Why are we using these stubs on SPARC?  Can we get rid of them and just call into the runtime instead?

> This happens during the generation of the interpreter and allocates
> more memory in the code cache such that we can't shrink the memory
> which was initially allocated for the interpreter any more.
> 
> Unfortunately we can't easily generate these stubs during
> 'stubRoutines_init1()' because
> 'generate_dirty_card_log_enqueue_if_necessary()' needs the byte map
> base address which is only initialized in
> 'CardTableModRefBS::initialize()' during 'univers_init()' which
> happens after 'stubRoutines_init1()'.
> 
> I'm still thinking about a good way to fix this without too many
> platfrom-specific ifdefs.
> 
> Regards,
> Volker
> 
> 
> On Tue, Oct 3, 2017 at 9:46 PM, Vladimir Kozlov
> <vladimir.kozlov at oracle.com> wrote:
>> I rebased it. But there is problem with changes. VM hit guarantee() in this
>> code when run on SPARC in both, fastdebug and product, builds.

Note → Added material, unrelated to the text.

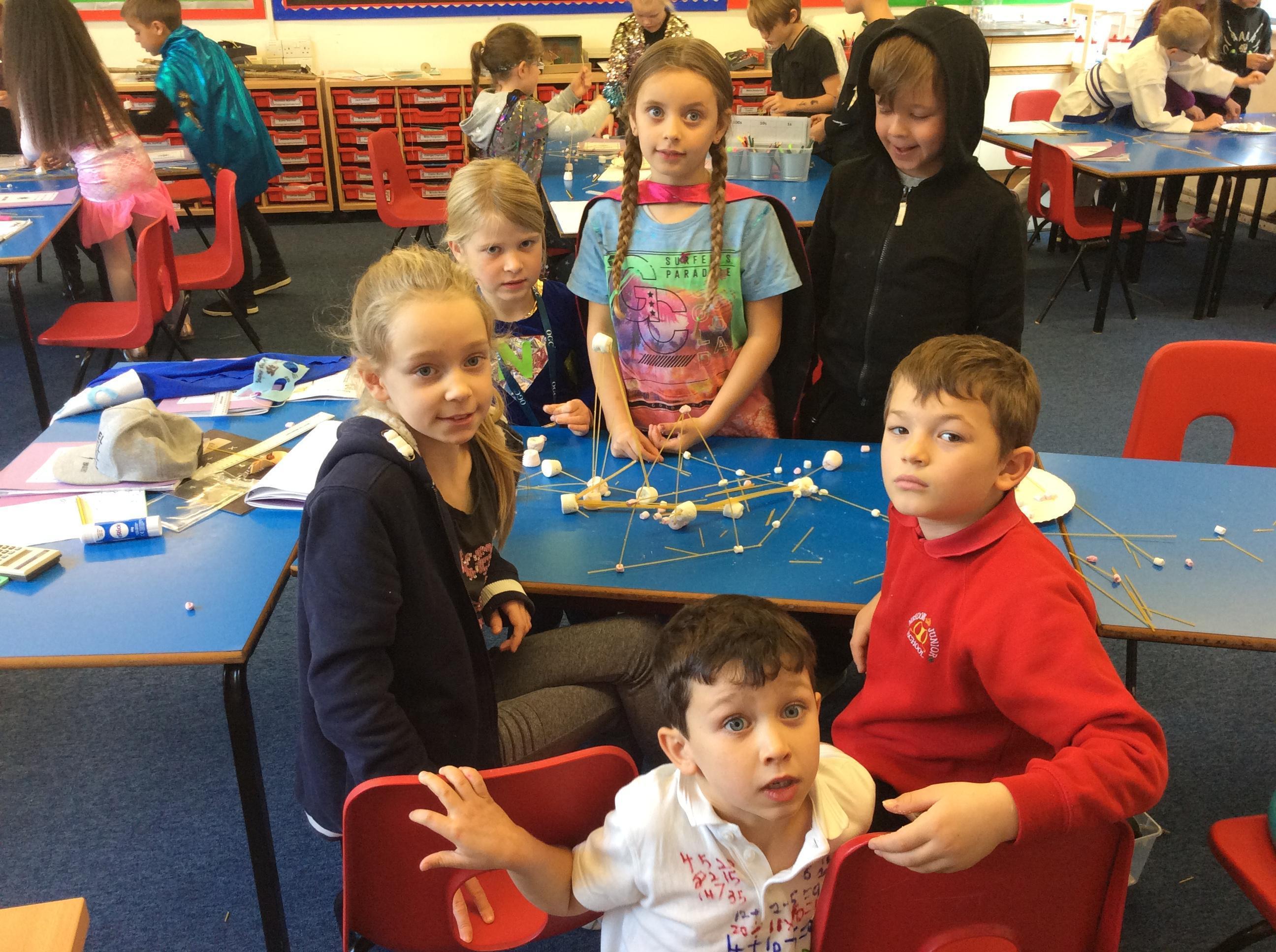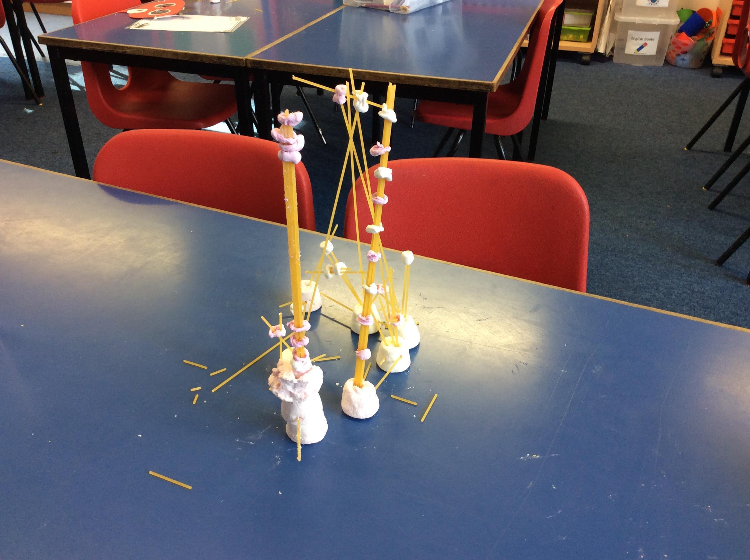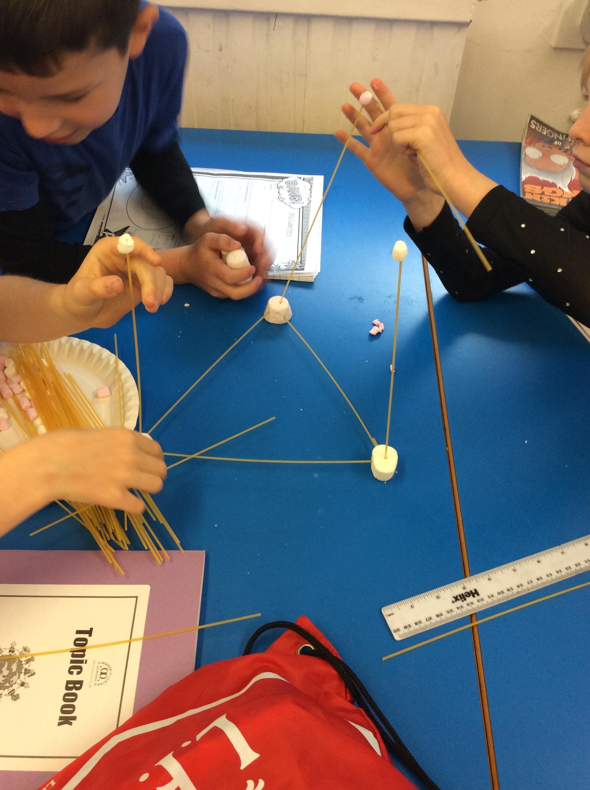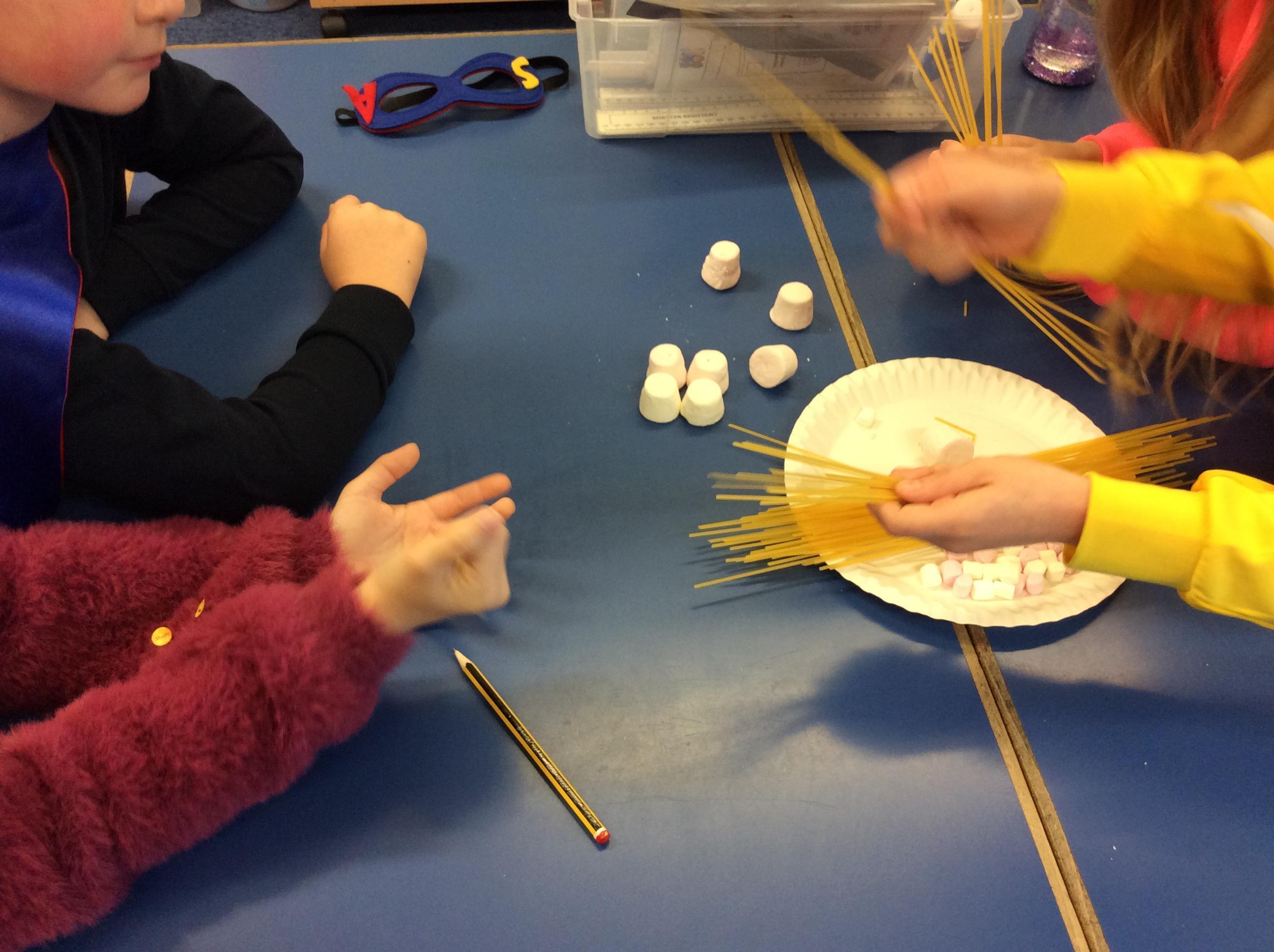Our day started with creating a profile for our superhero, along with a badge and motto. Next, we had a challenge - we had to work in teams to build a tall tower using only marshmallows and dried spaghetti!

>> Crash happens during build. We can't push this - problem should be
>> investigated and fixed first.
>> 
>> Thanks,
>> Vladimir
>> 
>> make/Main.gmk:443: recipe for target 'generate-link-opt-data' failed
>> /usr/ccs/bin/bash: line 4:  9349 Abort                   (core dumped)

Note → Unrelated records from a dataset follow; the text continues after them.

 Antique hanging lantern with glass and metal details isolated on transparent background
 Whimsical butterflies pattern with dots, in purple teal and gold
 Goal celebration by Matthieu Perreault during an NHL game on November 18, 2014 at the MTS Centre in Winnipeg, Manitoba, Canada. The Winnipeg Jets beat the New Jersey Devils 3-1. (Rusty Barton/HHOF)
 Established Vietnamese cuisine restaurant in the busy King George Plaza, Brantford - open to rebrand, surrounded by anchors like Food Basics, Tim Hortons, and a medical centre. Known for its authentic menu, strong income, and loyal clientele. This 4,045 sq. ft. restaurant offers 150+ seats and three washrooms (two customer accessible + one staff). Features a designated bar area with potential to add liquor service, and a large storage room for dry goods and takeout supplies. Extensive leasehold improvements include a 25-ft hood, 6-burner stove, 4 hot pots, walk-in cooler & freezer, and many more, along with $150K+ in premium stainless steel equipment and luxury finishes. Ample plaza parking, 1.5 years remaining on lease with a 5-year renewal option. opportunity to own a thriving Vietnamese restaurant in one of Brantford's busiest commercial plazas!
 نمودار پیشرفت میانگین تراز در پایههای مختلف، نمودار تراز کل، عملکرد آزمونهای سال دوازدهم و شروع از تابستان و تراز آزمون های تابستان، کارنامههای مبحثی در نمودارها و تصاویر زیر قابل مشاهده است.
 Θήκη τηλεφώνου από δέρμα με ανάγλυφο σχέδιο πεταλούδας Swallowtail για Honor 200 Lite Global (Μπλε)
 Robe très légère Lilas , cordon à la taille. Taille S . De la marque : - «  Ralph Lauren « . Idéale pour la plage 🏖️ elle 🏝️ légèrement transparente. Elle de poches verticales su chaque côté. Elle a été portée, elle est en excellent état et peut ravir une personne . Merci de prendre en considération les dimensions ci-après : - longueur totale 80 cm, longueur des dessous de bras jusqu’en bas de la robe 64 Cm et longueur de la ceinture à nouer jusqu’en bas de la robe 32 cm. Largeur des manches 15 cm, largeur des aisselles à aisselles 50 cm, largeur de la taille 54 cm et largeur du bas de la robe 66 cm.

>> /s/build/solaris-sparcv9-debug/support/interim-image/bin/java
>> -XX:DumpLoadedClassList=/s/build/solaris-sparcv9-debug/support/link_opt/classlist
>> -Djava.lang.invoke.MethodHandle.TRACE_RESOLVE=true -cp
>> /s/build/solaris-sparcv9-debug/support/classlist.jar
>> build.tools.classlist.HelloClasslist 2>&1 >
>> /s/build/solaris-sparcv9-debug/support/link_opt/default_jli_trace.txt
>> make[3]: *** [/s/build/solaris-sparcv9-debug/support/link_opt/classlist]
>> Error 134
>> make[2]: *** [generate-link-opt-data] Error 1
>> 
>> 
>> # A fatal error has been detected by the Java Runtime Environment:
>> #
>> #  Internal Error (/s/open/src/hotspot/share/memory/heap.cpp:233), pid=9349,
>> tid=2
>> #  guarantee(b == block_at(_next_segment - actual_number_of_segments))

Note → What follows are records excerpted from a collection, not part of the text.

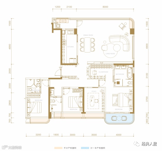 一梯一户,环幕平墅,项目的客厅加上景观阳台,面宽可达15.15米,公区的功能空间已经不是LDK所能囊括。
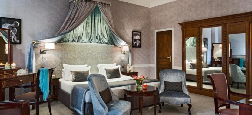 Junior Suite (45 кв. м) – спальня с гостиной зоной, гардеробная, ванная комната с ванной и душем. Вид на город.
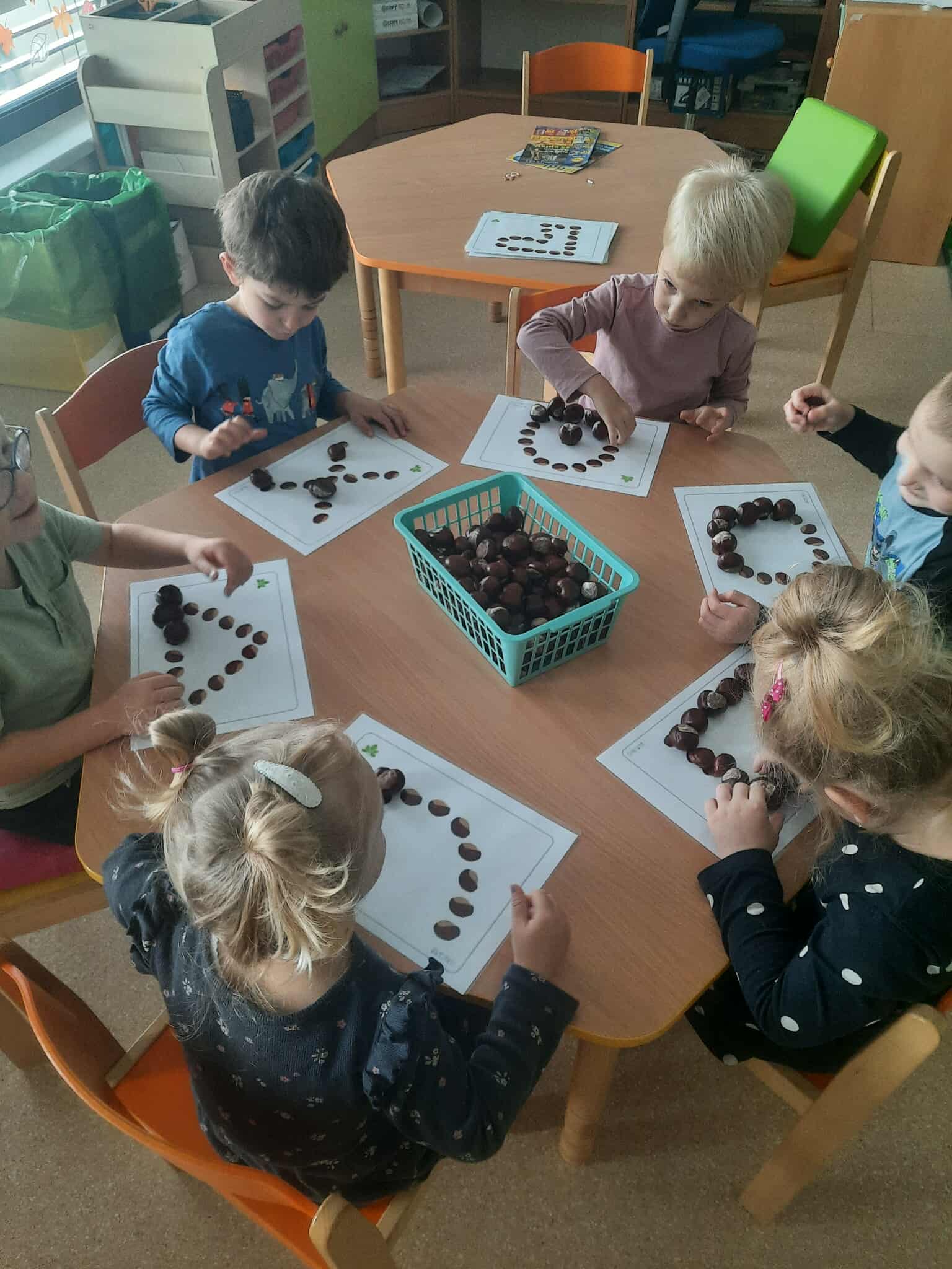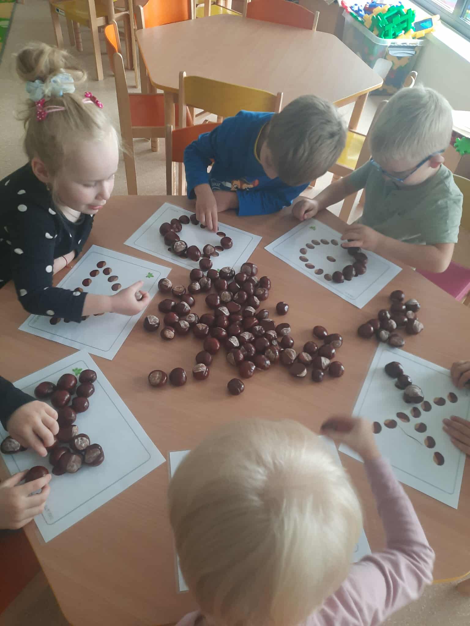 Deti si s príchodom jesene užili tvorivé aktivity s gaštanmi, z ktorých skladali postavičky, zvieratká a rôzne obrazce. Gaštany tiež ukladali na podložky podľa tvaru či vzoru, čím rozvíjali svoju predstavivosť, trpezlivosť a jemnú motoriku.

>> failed: Intermediate allocation!
>> #
>> # JRE version:  (10.0) (fastdebug build )
>> # Java VM: Java HotSpot(TM) 64-Bit Server VM (fastdebug
>> 10-internal+0-2017-09-30-014154.8166317, mixed mode, tiered, compressed
>> oops, g1 gc, solaris-sparc)
>> # Core dump will be written. Default location: /s/open/make/core or
>> core.9349
>> #
>> # If you would like to submit a bug report, please visit:
>> #   http://bugreport.java.com/bugreport/crash.jsp
>> #
>> 
>> ---------------  S U M M A R Y ------------
>> 
>> Command Line:
>> -XX:DumpLoadedClassList=/s/build/solaris-sparcv9-debug/support/link_opt/classlist
>> -Djava.lang.invoke.MethodHandle.TRACE_RESOLVE=true
>> build.tools.classlist.HelloClasslist
>> 
>> Host: sca00dbv, Sparcv9 64 bit 3600 MHz, 16 cores, 32G, Oracle Solaris 11.2
>> SPARC
>> Time: Sat Sep 30 03:29:46 2017 UTC elapsed time: 0 seconds (0d 0h 0m 0s)
>> 
>> ---------------  T H R E A D  ---------------
>> 
>> Current thread (0x000000010012f000):  JavaThread "Unknown thread"
>> [_thread_in_vm, id=2, stack(0x0007fffef9700000,0x0007fffef9800000)]
>> 
>> Stack: [0x0007fffef9700000,0x0007fffef9800000],  sp=0x0007fffef97ff020,
>> free space=1020k
>> Native frames: (J=compiled Java code, A=aot compiled Java code,
>> j=interpreted, Vv=VM code, C=native code)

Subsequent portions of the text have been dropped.